Is it a case of 'the less said, the better' for Labour? The next election is a long way out but the trends are all looking promising for David Shearer to become the next prime minister. Apart from the class size controversy, which Shearer and Labour can take credit for seizing on early and exploiting efficiently, the Greens and National have probably had more impact on Labour's poll ratings. While Shearer has promised to eventually reveal his grand vision, the temptation now must be to revert to that tried and tested formula of being as bland and uncommitted as possible. This is the way most elections that change governments are won - as epitomised by National's 2008 victory when it posed as 'Labour-lite'.
Playing safe will have it's own consequences though. Voters may well wonder exactly what sort of government Shearer is likely to lead. Certainly leftwing bloggers Danyl Mclauchlan (The vision vacuum) and Robert Winter (Polls turning; now, where's Labour's vision?) think Shearer still need to present a coherent programme to inspire voters. Just getting Labour supporters to even turn out on election day is becoming a challenge - see the No Right Turn blogpost, Choice and turnout.
Clearly, as the Chris Trotter vs Josie Pagani spat shows, there is still much debate to be had at a fundamental level between those: 1) on the left and right of the party, 2) those dissatisfied and satisfied with David Shearer's leadership, and 3) focusing on substance versus style. David Cunliffe is trying to fill the vacuum by invoking the heroic deeds of past Keynsian policies see The Standard's Cunliffe attacks Nats' crony capitalism. Yet while Cunliffe glowingly describes the impressive list of infrastructure built in spite of (and specifically to cure) the great depression, apart from some more R&D funding there are no commitments to anything approaching that scale and vision from 'modern' Labour.
Labour's cautious and bland approach will play into the Greens' hands, allowing them to range far and wide and continue to project themselves as the fresh thinkers with integrity and bold ideas. So, for example, Clayton Cosgrove siding with National's Tim Groser to defend the Trans Pacific Partnership is the type of gift to the Greens that Labour can't afford to make too often - see: 'Sell out' accusations follow leaked paper. Almost every country that has completed a trade deal with the US has counted their fingers after shaking on the deal and come up with less than five.
An attempt to coast to victory also puts your fate in other's hands - in this case it means relying on National's fumbling appendages to keep dropping the ball. Such a strategy might seem a reasonably safe bet in 2012, but another earthquake, a boatload of refugees, horrific crime or a Waitangi claim legal victory could easily be exploited to paint Labour as 'soft on [insert Paula Bennett's latest target here]'. Indeed, if the poll trends continue Labour should count on it.
The biggest threat to Shearer's Premier House dreams may be Winston Peters, whose party is holding their annual conference in Palmerston North this weekend - see: Peters wants more party members. With no deputy leader, or even parliamentary whip, the issue of leadership succession for NZ First is obviously far from being settled and clearly shows that Peters is looking for another run in government so that he can go out in style. Playing third fiddle to a Labour/Greens dominated government will be very unappealing compared to what a desperate National party might be willing to offer in 2014.

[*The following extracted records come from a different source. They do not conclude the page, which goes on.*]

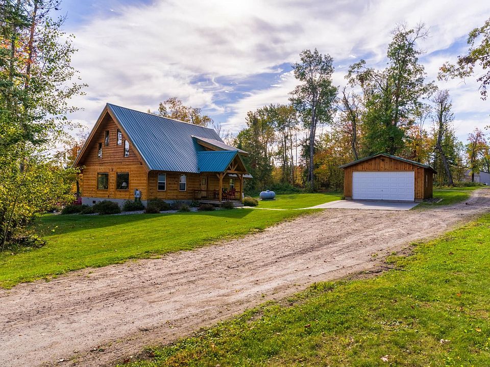 Welcome to your picture-perfect log home retreat! This beautifully updated 3 bed, 3 bath home sits at the end of a cul-de-sac on over 8 serene acres. Enjoy fresh interior paint by Borealis Brushworks, new flooring from The Design Store, and a custom-built entry door. The main level features a spacious primary suite, open-concept living, laundry, and a stunning kitchen with a large island — perfect for gathering.
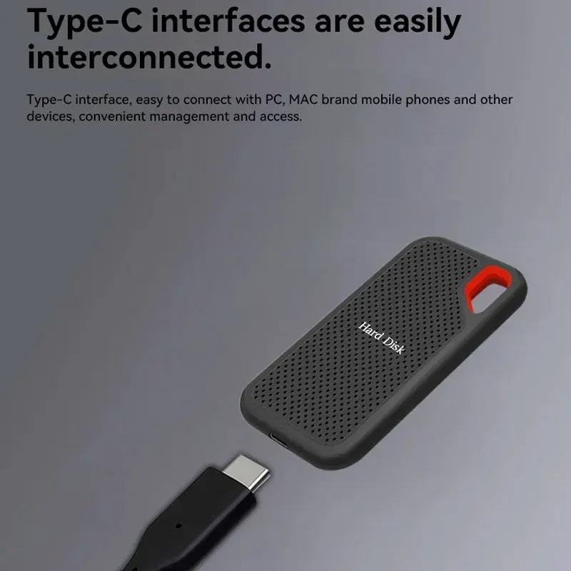 Discover the power of high-speed data transfer and expansive storage capacity with the Genuine High-speed Portable SSD. Designed to meet the demands of professionals, creatives, and everyday users, this external solid-state drive offers a seamless way to store, access, and transport large files. Compatible with laptops, MACs, and PCs, it ensures your data is always within reach, whether you’re working remotely or on the go.
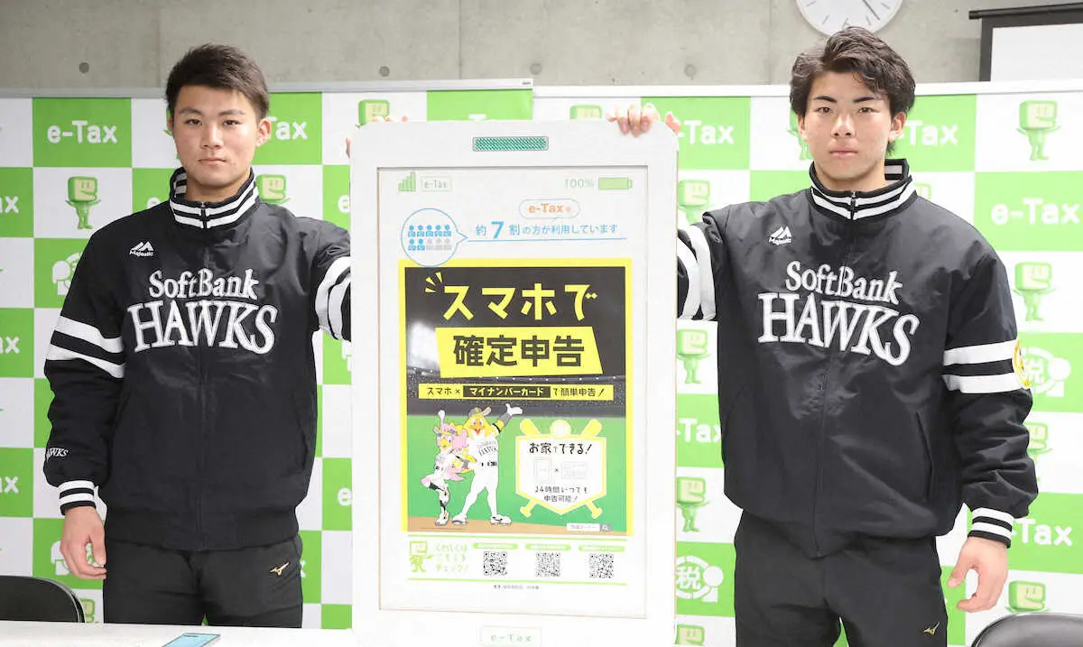 ソフトバンクのドラフト1位の村上泰斗投手(神戸弘陵)と同2位の庄子雄大内野手(神奈川大)が21日、タマスタ筑後でスマホを使った確定申告のPRイベントに出席した。
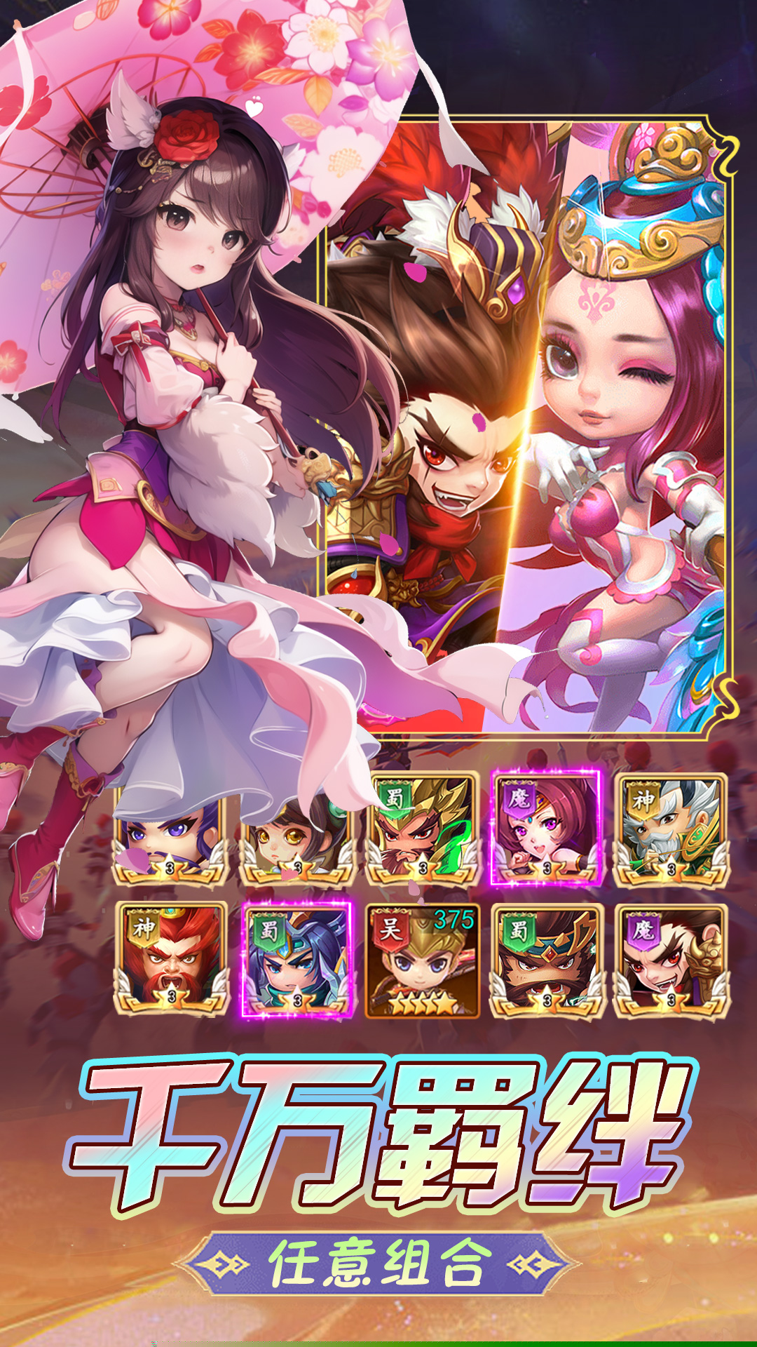 上百位武将拥有独特技能与定位,依据羁绊、兵种、站位进行组合,衍生出丰富战术变化。
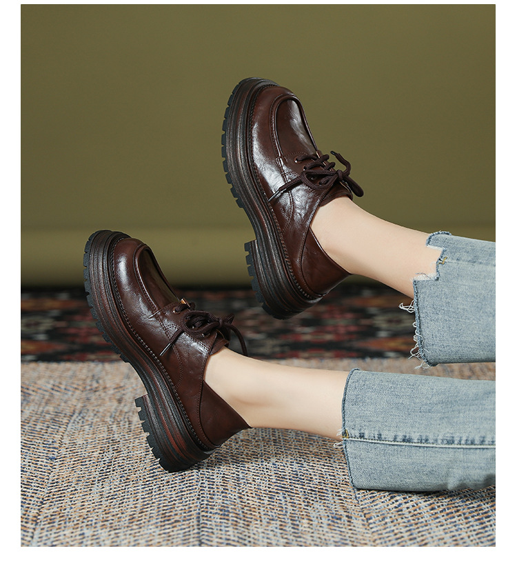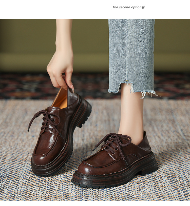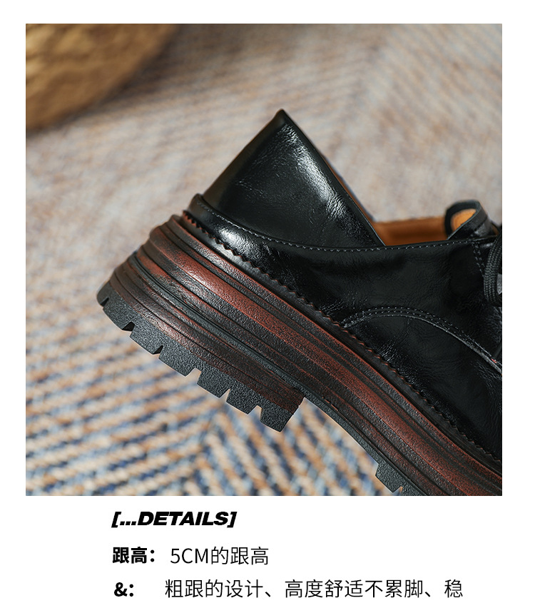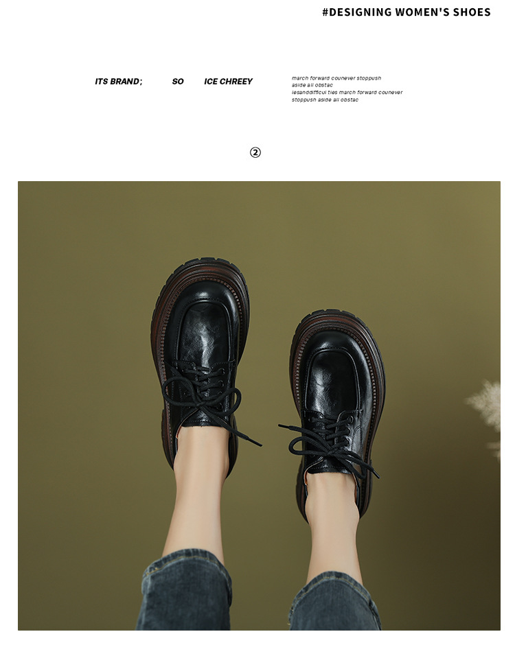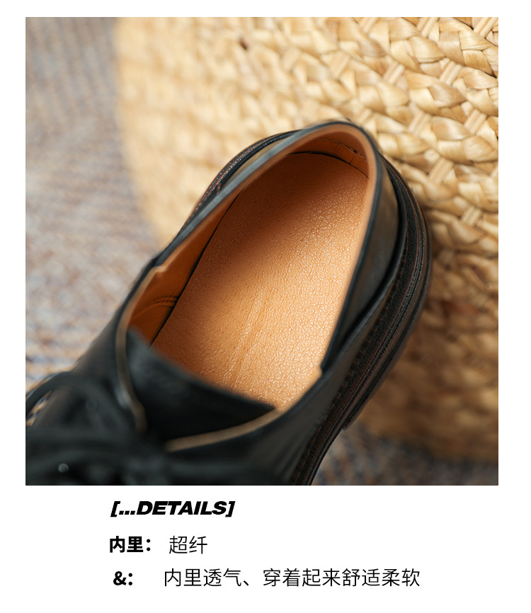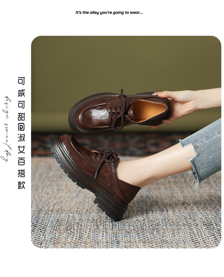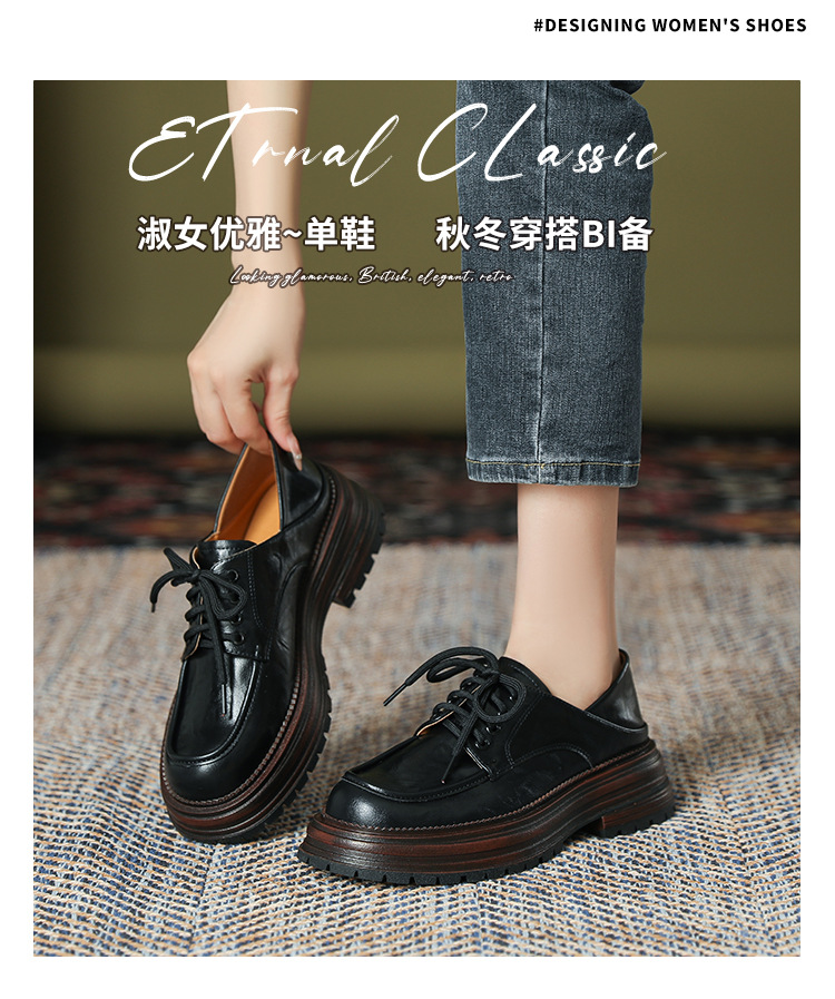 厚底小皮鞋女英伦风2025春夏新款单鞋圆头粗跟甜酷女生系带乐福鞋

Card carrying National Party member Cameron Slater is looking to that party's future as well in a very practical way - see: Which National caucus members will still be in parliament in 2022 and What will the national party look like in 2022?. Slater is also giving free online advice to prospective National candidates about how to get selected even if the party HQ is against you. Also, Nick Smith looks likely to be recalled to broaden National's appeal to voters of a blue-green tinge says Chris Keall in Key will recall Nick Smith in bid for blue-green vote - pundit. And on the topic of John Key's eventual replacement, The Standard puts forward some useful analysis: The Nats' succession problem.

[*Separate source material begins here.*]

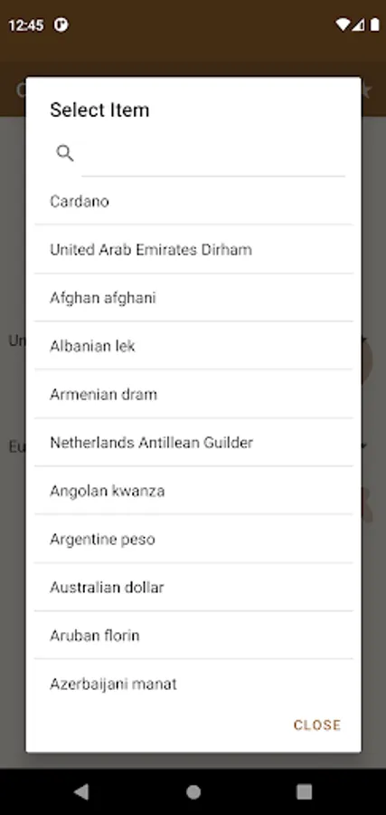 - Supports search to quickly find a currency
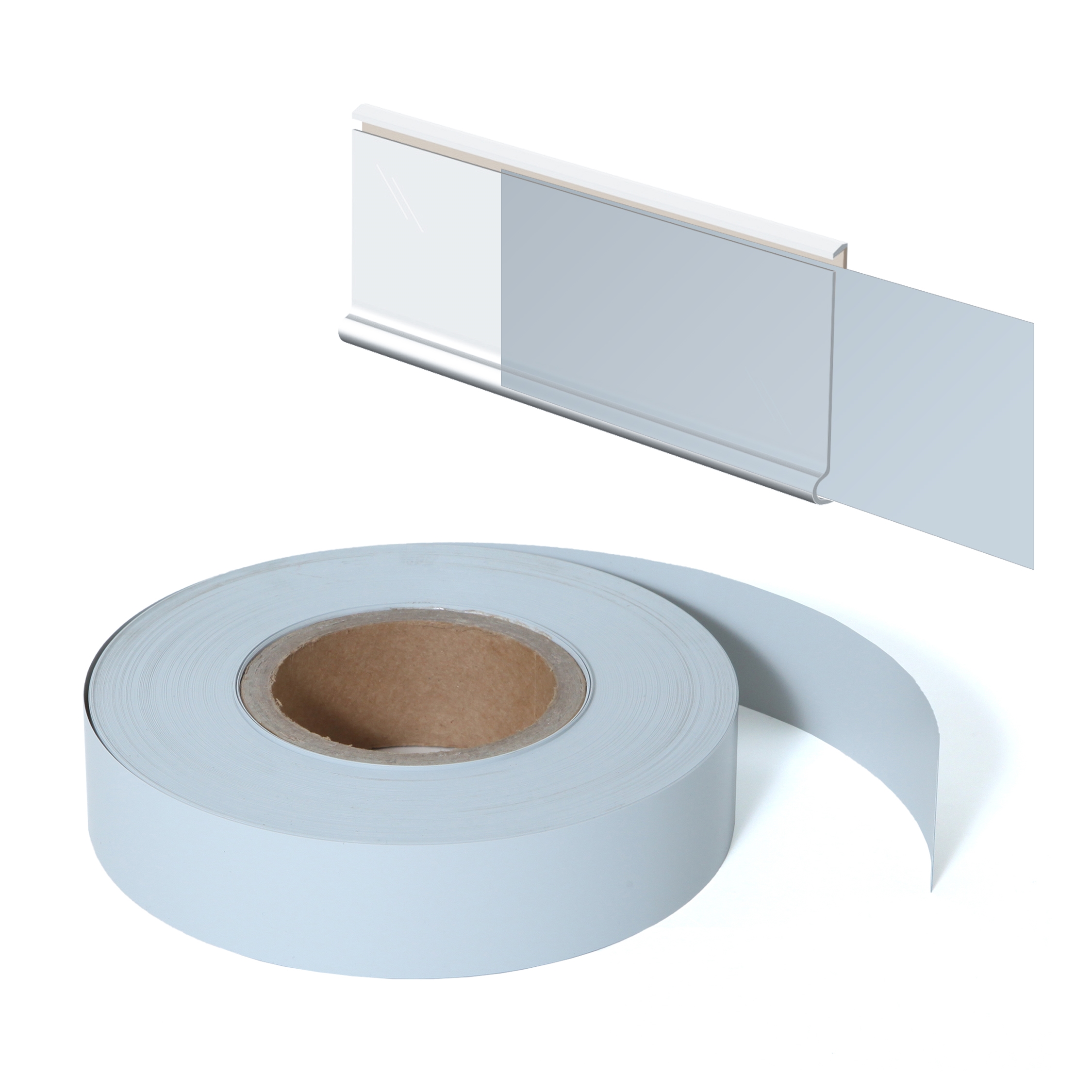 Rullen er 39 mm i høyden, og 100 meter i lengden, laget av grå plastik som er lett at klippe til, og sette i siden på hylleforkanter.

Other important or interesting political items today include:
* Judith Collins is still in Andrew Little's sights over her involvement in ACC's police complaint - see: Little demands ACC answers and Patrick Gower reports that the ACC minister's recall is less than perfect - see: Collins' memory back over ACC police calls.
* Dire warnings about political fallout are being given by opposition parties - see: Adam Bennett's Assets sales 'going ahead' despite storm clouds.

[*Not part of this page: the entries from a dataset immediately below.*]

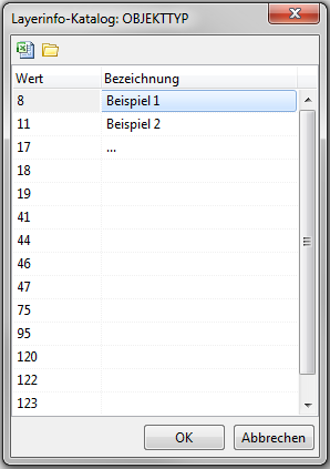 Klickt man auf den Button Katalog oben rechts im Fenster, öffnet sich das folgende Fenster. Darin lassen sich den einzelnen Werten eines Attributs andere Werte oder Namen zuweisen. Die neuen Bezeichnungen lassen sich als .xls speichern und können bei Bedarf wieder geladen werden.
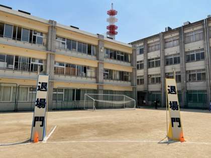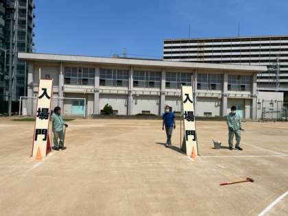 5・6年生と中学生による準備に先立って、管理作業員さんと先生方で入退場門を設置していただきました。
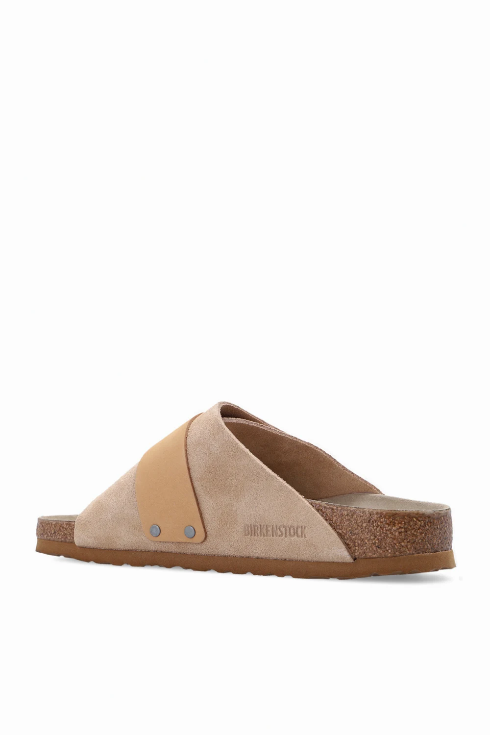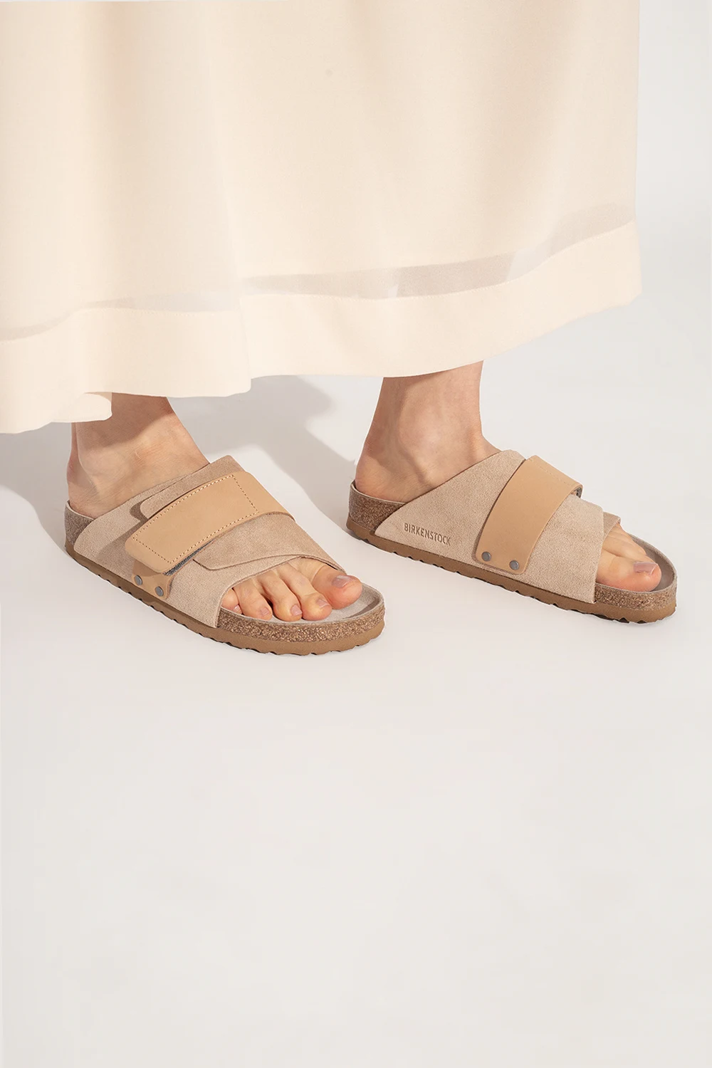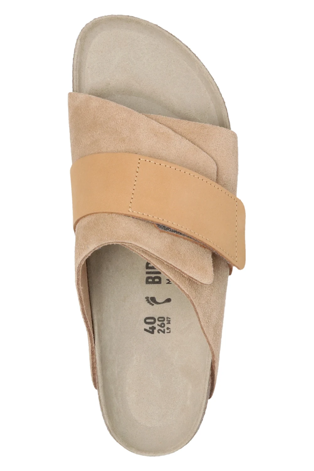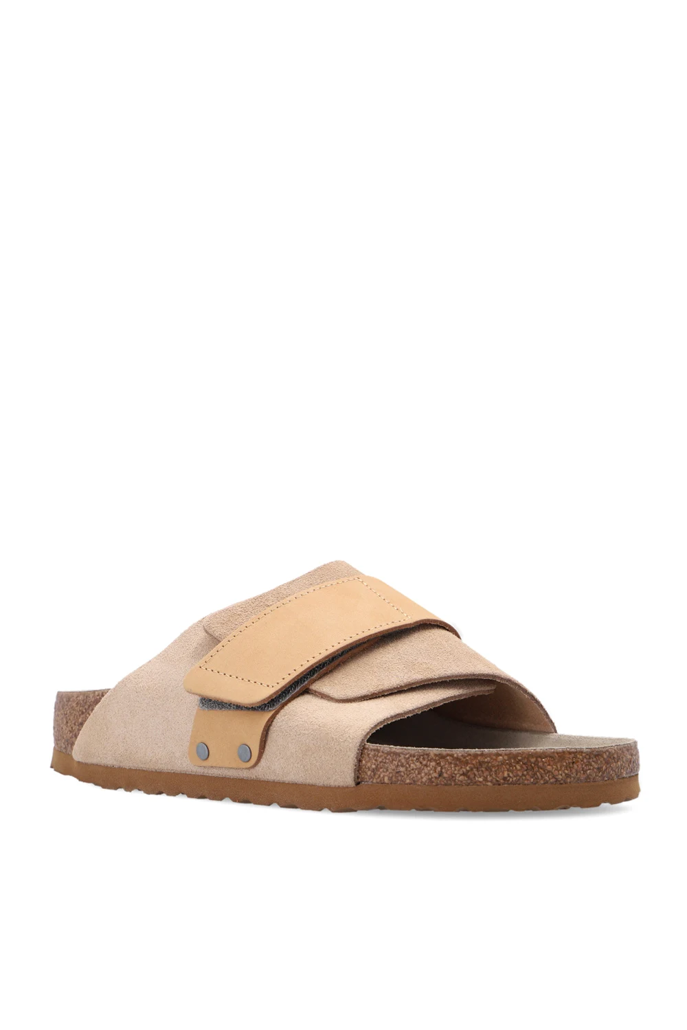 Beige ‘Kyoto’ slides from Birkenstock. Made of leather, this model features velcro closures and a brown sole in natural cork and EVA.

* With the demise of TVNZ7, Russell Brown is celebrating that Media7 will soon be Media3.
* There is almost a political consensus now that there will eventually need to be major changes to National Superannuation. But, based on the latest analysis from the University of Auckland's Retirement Policy and Research Centre, the No Right Turn blog asks: What superannuation crisis?.
* While there's been a lot of self-congratulations going on during the celebrations of 25 years of New Zealand being nuclear-free, Gordon Campbell raises some inconvenient truths about New Zealand's real role in the global nuclear non-proliferation struggle - see his Wellingtonian column, Playing politics on the nuclear issue.